### Material provided
* * * * * * * * *

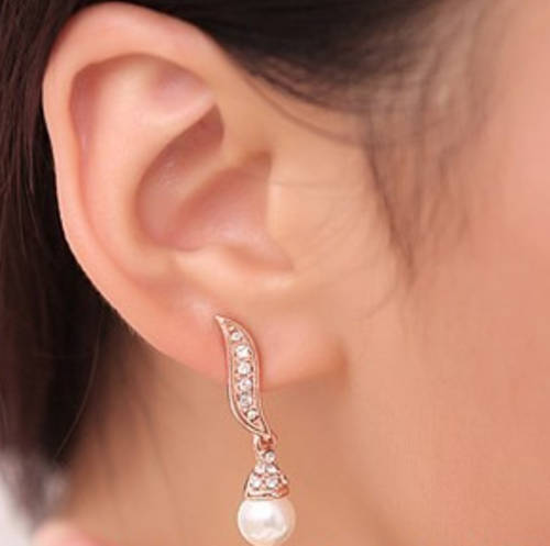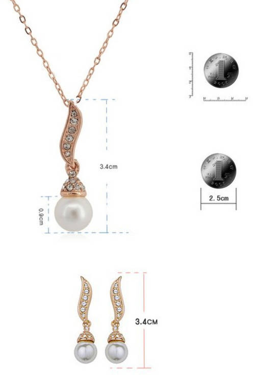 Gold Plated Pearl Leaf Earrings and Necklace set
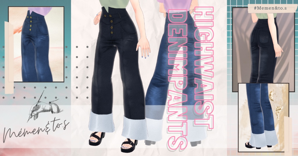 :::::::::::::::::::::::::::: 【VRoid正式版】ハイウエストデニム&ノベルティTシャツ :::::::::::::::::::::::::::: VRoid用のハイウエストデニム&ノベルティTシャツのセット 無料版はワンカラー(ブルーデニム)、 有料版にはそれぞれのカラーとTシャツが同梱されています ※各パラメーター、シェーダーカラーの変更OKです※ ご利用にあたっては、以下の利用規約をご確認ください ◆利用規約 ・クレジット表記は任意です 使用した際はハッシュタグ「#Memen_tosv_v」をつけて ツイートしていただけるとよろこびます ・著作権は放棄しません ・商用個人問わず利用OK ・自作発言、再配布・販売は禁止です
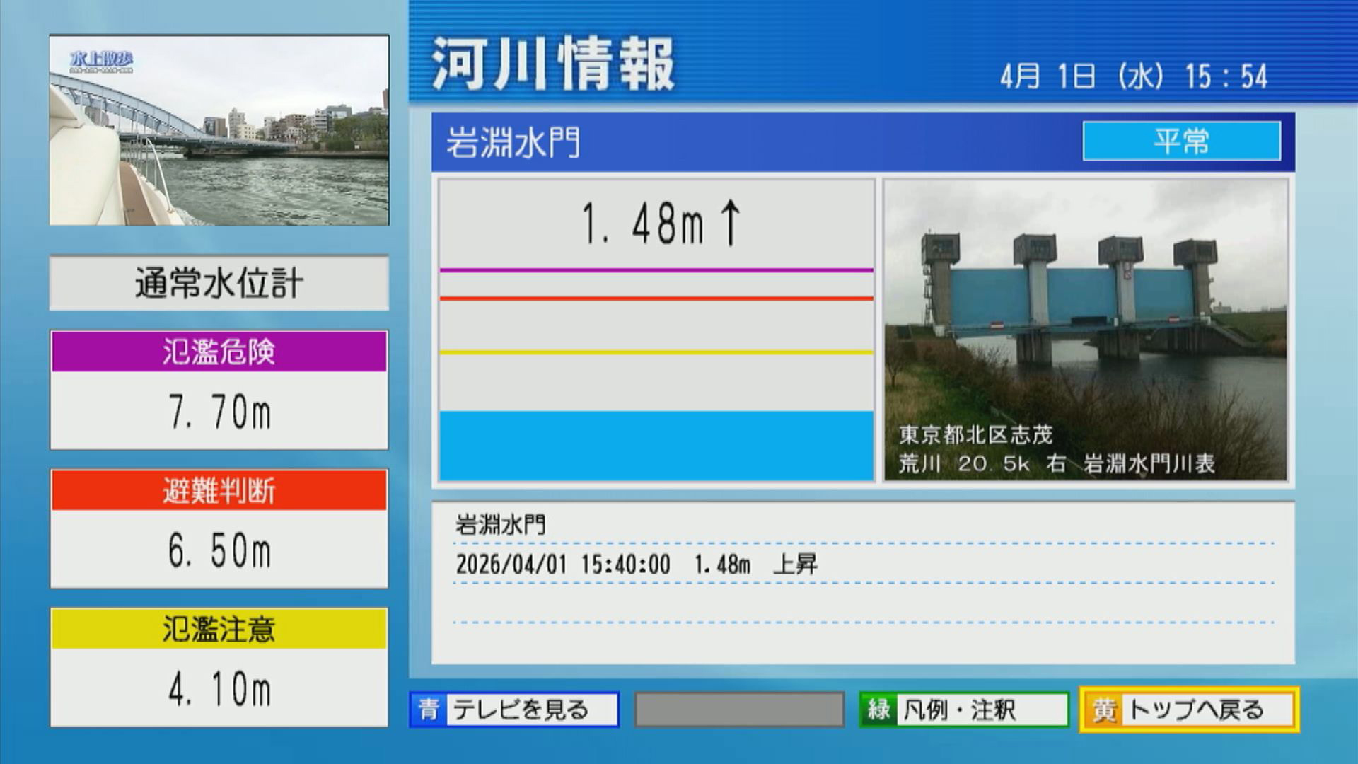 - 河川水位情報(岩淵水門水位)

* * * * * * * * *

### Work order
The lines from the one containing "ツイートしていただけるとよろこびます ・著作権は放棄しません ・商用個人問わず利用OK ・自作発言、再配布・販売は禁止です" up to and including the last line of the material above are to be given again exactly; any pictures are dropped.

### Solution for this exercise
 :::::::::::::::::::::::::::: 【VRoid正式版】ハイウエストデニム&ノベルティTシャツ :::::::::::::::::::::::::::: VRoid用のハイウエストデニム&ノベルティTシャツのセット 無料版はワンカラー(ブルーデニム)、 有料版にはそれぞれのカラーとTシャツが同梱されています ※各パラメーター、シェーダーカラーの変更OKです※ ご利用にあたっては、以下の利用規約をご確認ください ◆利用規約 ・クレジット表記は任意です 使用した際はハッシュタグ「#Memen_tosv_v」をつけて ツイートしていただけるとよろこびます ・著作権は放棄しません ・商用個人問わず利用OK ・自作発言、再配布・販売は禁止です
 - 河川水位情報(岩淵水門水位)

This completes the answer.